** Opening Records block **
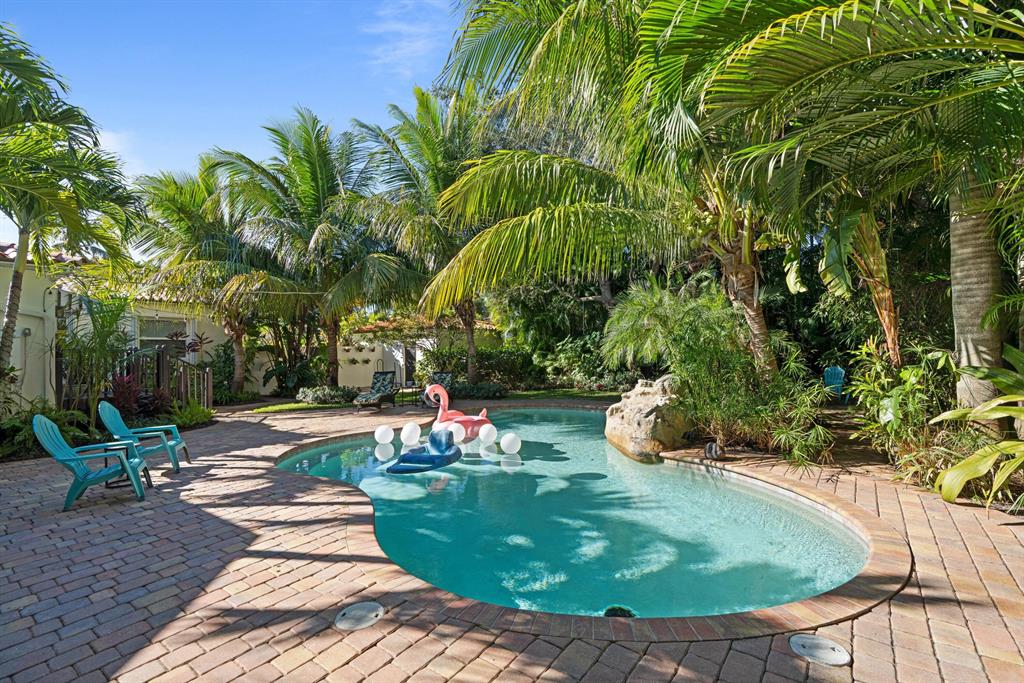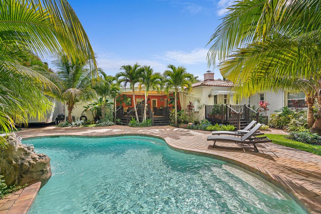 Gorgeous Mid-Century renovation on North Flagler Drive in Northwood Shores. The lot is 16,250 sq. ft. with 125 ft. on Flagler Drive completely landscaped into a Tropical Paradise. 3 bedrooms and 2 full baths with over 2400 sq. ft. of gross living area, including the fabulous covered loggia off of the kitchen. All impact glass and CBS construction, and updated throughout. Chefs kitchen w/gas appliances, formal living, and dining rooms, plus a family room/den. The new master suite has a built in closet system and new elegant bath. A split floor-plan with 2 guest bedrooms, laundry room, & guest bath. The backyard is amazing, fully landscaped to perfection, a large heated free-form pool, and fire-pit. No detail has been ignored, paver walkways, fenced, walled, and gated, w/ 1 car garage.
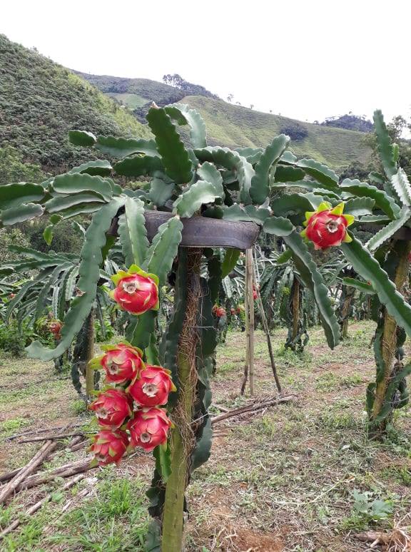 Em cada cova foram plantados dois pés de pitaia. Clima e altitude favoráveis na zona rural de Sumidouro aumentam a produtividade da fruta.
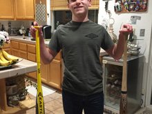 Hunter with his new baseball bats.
** Closing Records block **
** Opening Records block **
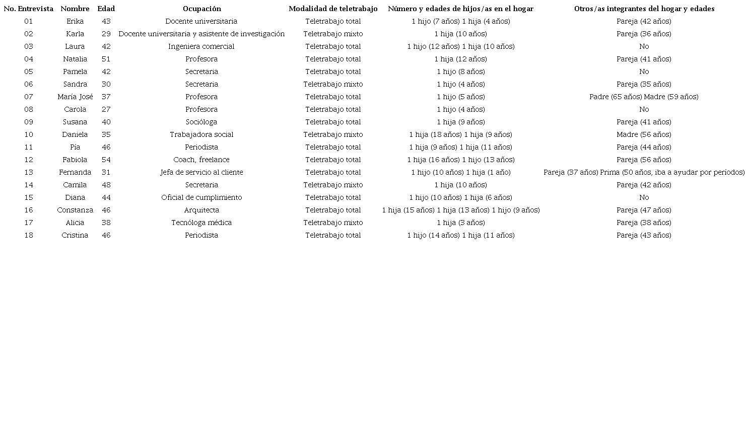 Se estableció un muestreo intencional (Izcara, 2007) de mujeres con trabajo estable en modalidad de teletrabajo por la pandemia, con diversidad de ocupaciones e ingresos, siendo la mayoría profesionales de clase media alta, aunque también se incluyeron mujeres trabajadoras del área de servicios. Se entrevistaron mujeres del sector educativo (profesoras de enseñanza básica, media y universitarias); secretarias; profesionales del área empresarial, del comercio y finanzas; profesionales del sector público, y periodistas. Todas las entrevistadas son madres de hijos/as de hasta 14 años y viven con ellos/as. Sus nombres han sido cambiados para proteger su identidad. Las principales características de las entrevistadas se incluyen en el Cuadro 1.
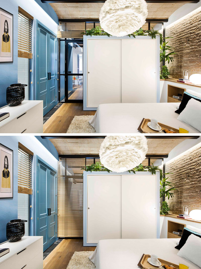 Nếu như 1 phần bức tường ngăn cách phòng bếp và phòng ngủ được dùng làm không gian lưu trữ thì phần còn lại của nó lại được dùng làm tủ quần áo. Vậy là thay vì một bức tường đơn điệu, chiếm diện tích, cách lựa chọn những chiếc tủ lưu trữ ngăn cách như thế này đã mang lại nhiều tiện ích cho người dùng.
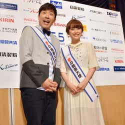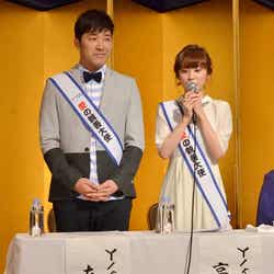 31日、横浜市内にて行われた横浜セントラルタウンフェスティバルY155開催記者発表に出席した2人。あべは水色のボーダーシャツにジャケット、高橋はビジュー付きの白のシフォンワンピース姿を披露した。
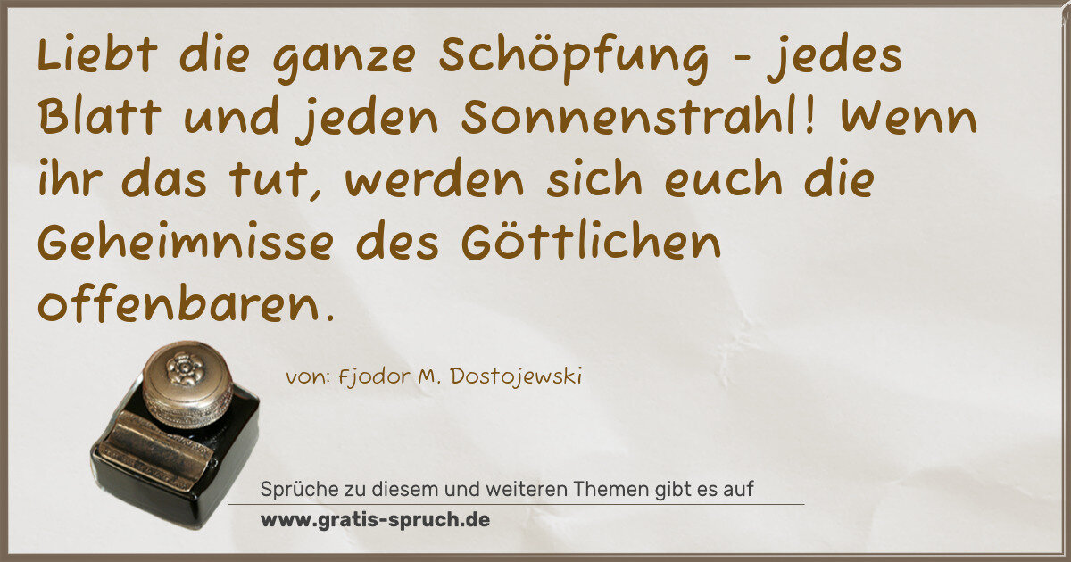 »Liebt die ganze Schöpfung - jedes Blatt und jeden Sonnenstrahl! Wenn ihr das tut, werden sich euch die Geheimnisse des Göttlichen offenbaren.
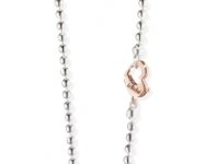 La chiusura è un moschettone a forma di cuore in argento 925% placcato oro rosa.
** Closing Records block **
** Opening Records block **
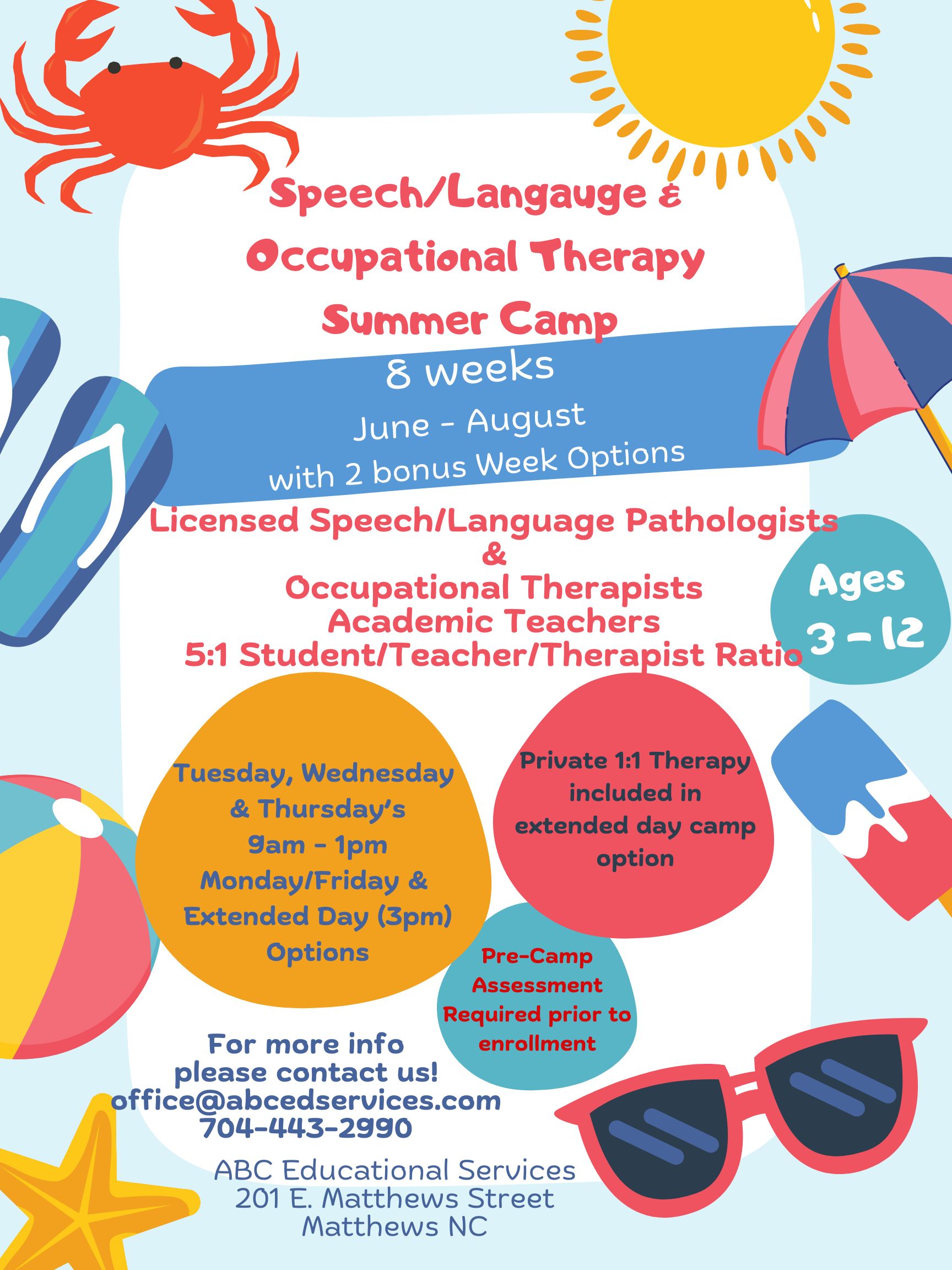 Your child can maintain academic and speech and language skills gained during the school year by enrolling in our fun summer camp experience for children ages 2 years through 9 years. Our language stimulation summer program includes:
** Closing Records block **
**Exercise goal:** From the material above, reproduce only what runs from the line holding "des Göttlichen offenbaren." down to the line holding "La chiusura è", both included, pictures excluded.

**Response below:**
 »Liebt die ganze Schöpfung - jedes Blatt und jeden Sonnenstrahl! Wenn ihr das tut, werden sich euch die Geheimnisse des Göttlichen offenbaren.
 La chiusura è un moschettone a forma di cuore in argento 925% placcato oro rosa.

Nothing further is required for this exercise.